◆ Exercise requirements ◆
Retype, exactly as they appear below, the lines between the line holding "会议由校党委常委、统战部部长" and the line holding "Das Zimmer (ca.", both ends included.
━━━━━━━━━━
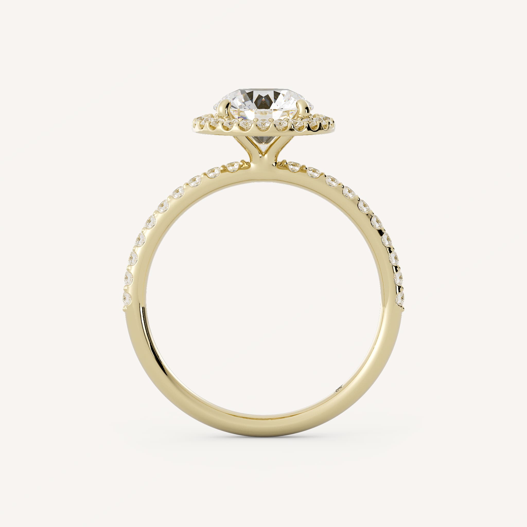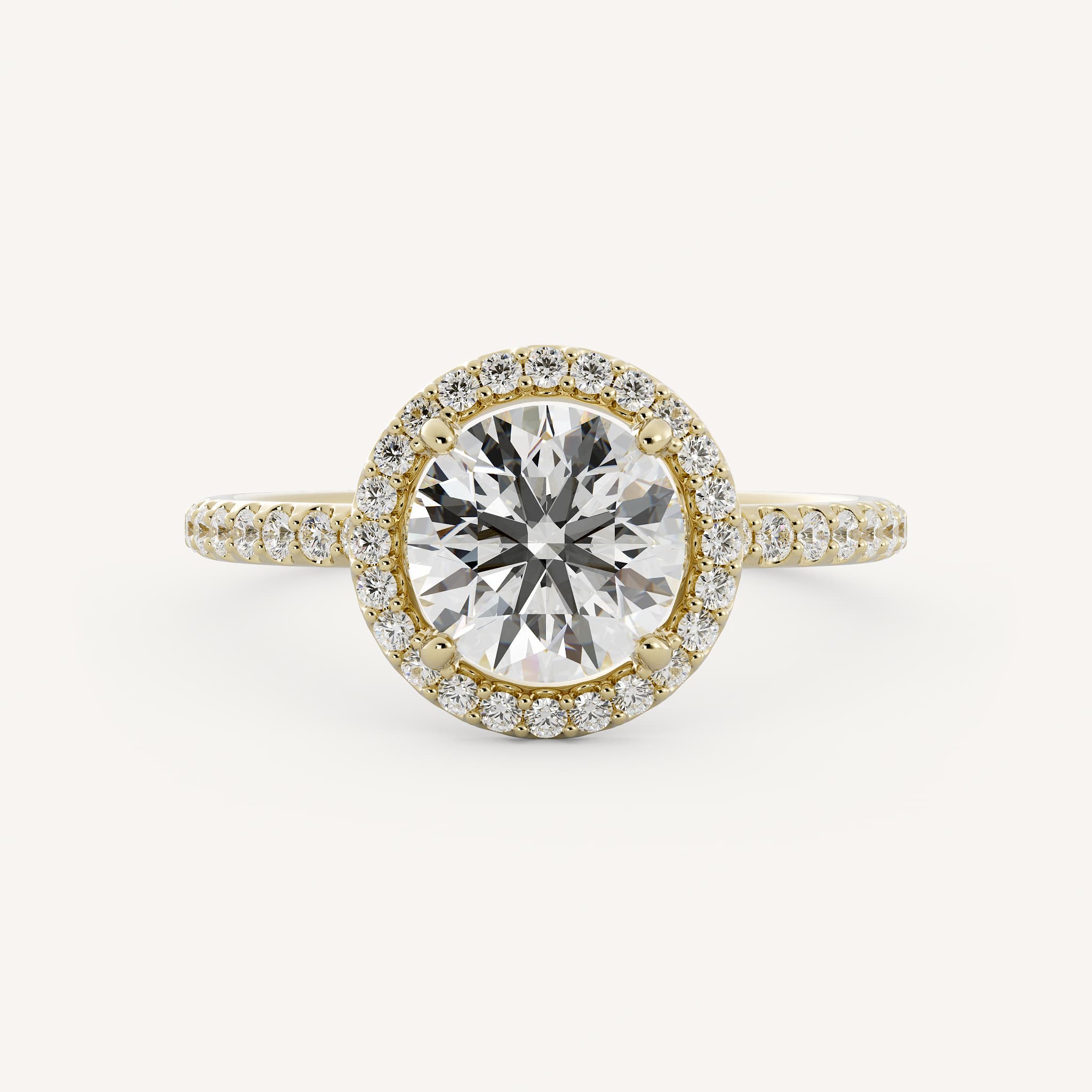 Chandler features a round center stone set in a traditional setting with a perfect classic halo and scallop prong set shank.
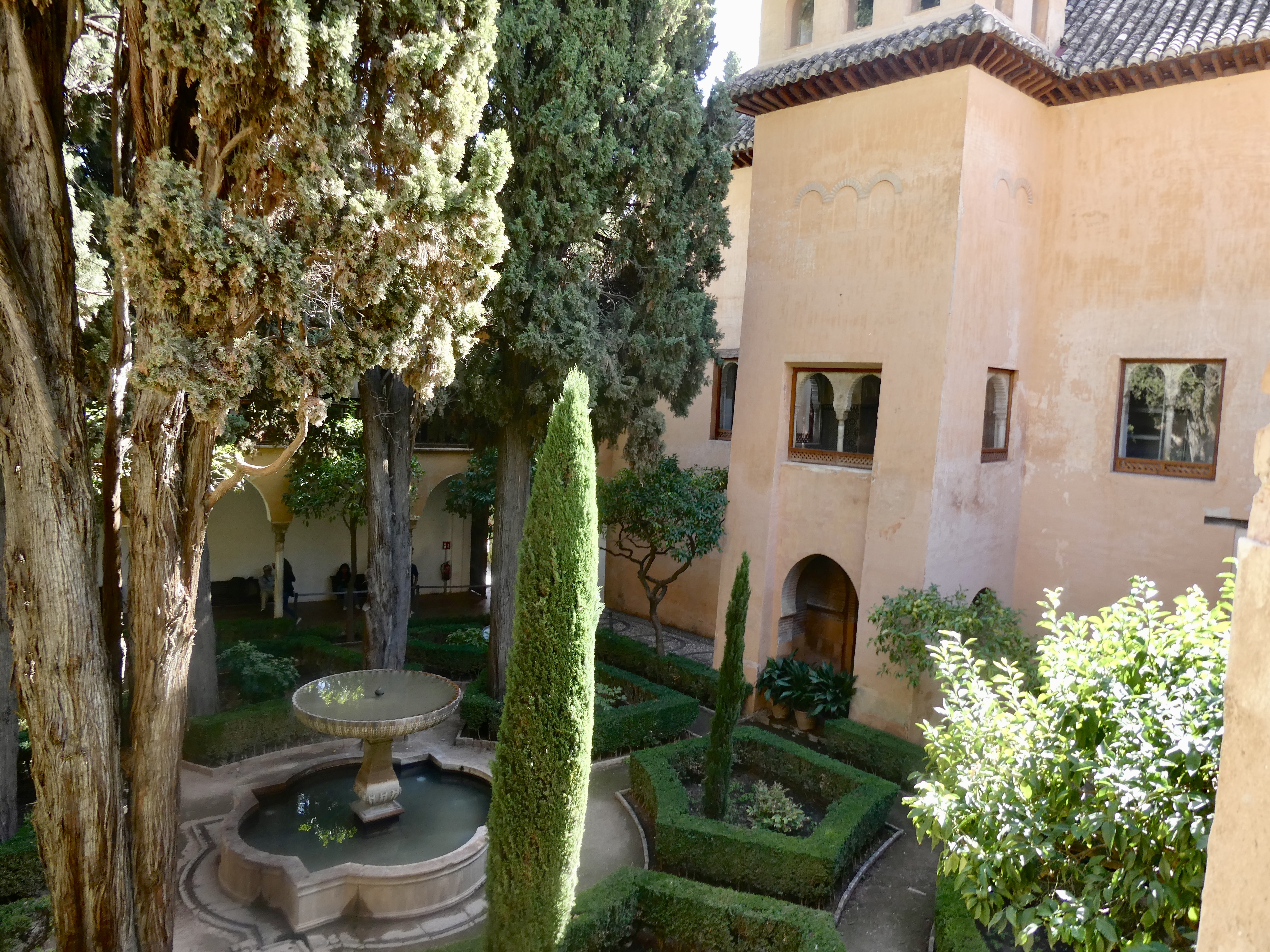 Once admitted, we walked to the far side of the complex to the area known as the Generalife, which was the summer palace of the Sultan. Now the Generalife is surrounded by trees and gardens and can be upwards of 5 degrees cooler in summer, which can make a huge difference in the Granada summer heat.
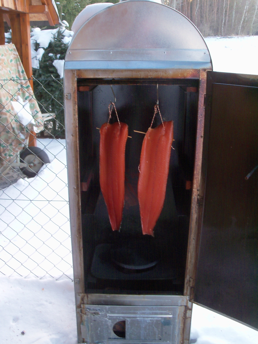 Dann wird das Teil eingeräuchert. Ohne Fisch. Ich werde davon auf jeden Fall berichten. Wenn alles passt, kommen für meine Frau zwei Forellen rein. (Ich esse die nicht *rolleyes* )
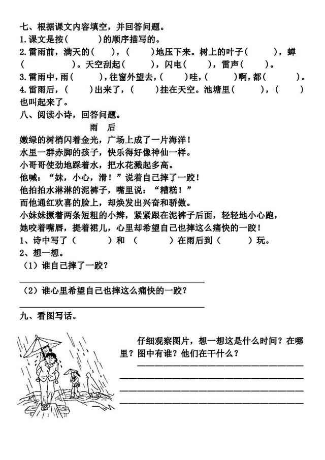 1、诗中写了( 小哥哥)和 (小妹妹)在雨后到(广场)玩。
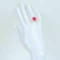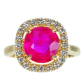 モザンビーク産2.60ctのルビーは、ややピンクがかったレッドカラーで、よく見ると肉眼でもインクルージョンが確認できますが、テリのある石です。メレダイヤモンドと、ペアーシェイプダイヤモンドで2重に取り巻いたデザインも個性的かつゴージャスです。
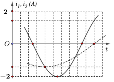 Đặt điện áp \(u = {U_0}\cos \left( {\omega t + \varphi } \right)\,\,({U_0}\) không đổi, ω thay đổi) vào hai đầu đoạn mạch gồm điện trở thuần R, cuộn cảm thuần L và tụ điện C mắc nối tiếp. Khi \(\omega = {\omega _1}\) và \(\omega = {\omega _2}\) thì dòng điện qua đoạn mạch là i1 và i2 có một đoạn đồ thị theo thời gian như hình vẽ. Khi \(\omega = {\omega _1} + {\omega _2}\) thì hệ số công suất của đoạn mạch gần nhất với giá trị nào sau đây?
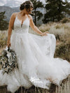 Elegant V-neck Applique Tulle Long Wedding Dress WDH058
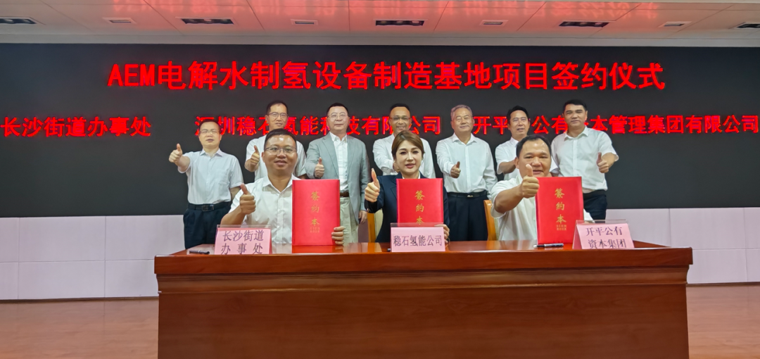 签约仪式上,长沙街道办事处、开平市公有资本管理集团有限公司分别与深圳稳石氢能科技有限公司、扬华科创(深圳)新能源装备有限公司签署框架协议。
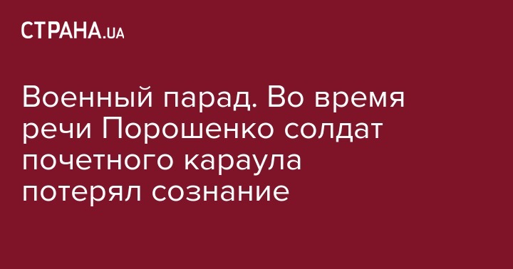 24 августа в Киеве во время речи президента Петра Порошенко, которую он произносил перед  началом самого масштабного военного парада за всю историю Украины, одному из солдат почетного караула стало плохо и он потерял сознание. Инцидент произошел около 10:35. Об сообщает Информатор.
━━━━━━━━━━
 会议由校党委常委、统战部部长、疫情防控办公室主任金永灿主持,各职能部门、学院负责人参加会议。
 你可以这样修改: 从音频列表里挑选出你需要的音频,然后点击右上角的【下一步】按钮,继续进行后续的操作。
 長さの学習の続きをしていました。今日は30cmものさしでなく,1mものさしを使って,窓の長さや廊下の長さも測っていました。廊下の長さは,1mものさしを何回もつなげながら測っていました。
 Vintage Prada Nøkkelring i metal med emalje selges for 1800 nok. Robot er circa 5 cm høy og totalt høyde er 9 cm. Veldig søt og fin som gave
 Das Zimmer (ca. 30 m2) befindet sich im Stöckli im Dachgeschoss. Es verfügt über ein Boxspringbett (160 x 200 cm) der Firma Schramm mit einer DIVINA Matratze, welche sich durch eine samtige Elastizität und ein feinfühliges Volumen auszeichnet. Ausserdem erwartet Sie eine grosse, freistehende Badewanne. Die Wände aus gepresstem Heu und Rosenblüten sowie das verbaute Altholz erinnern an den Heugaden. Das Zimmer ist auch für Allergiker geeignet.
━━━━━━━━━━
◆ Written solution ◆
 会议由校党委常委、统战部部长、疫情防控办公室主任金永灿主持,各职能部门、学院负责人参加会议。
 你可以这样修改: 从音频列表里挑选出你需要的音频,然后点击右上角的【下一步】按钮,继续进行后续的操作。
 長さの学習の続きをしていました。今日は30cmものさしでなく,1mものさしを使って,窓の長さや廊下の長さも測っていました。廊下の長さは,1mものさしを何回もつなげながら測っていました。
 Vintage Prada Nøkkelring i metal med emalje selges for 1800 nok. Robot er circa 5 cm høy og totalt høyde er 9 cm. Veldig søt og fin som gave
 Das Zimmer (ca. 30 m2) befindet sich im Stöckli im Dachgeschoss. Es verfügt über ein Boxspringbett (160 x 200 cm) der Firma Schramm mit einer DIVINA Matratze, welche sich durch eine samtige Elastizität und ein feinfühliges Volumen auszeichnet. Ausserdem erwartet Sie eine grosse, freistehende Badewanne. Die Wände aus gepresstem Heu und Rosenblüten sowie das verbaute Altholz erinnern an den Heugaden. Das Zimmer ist auch für Allergiker geeignet.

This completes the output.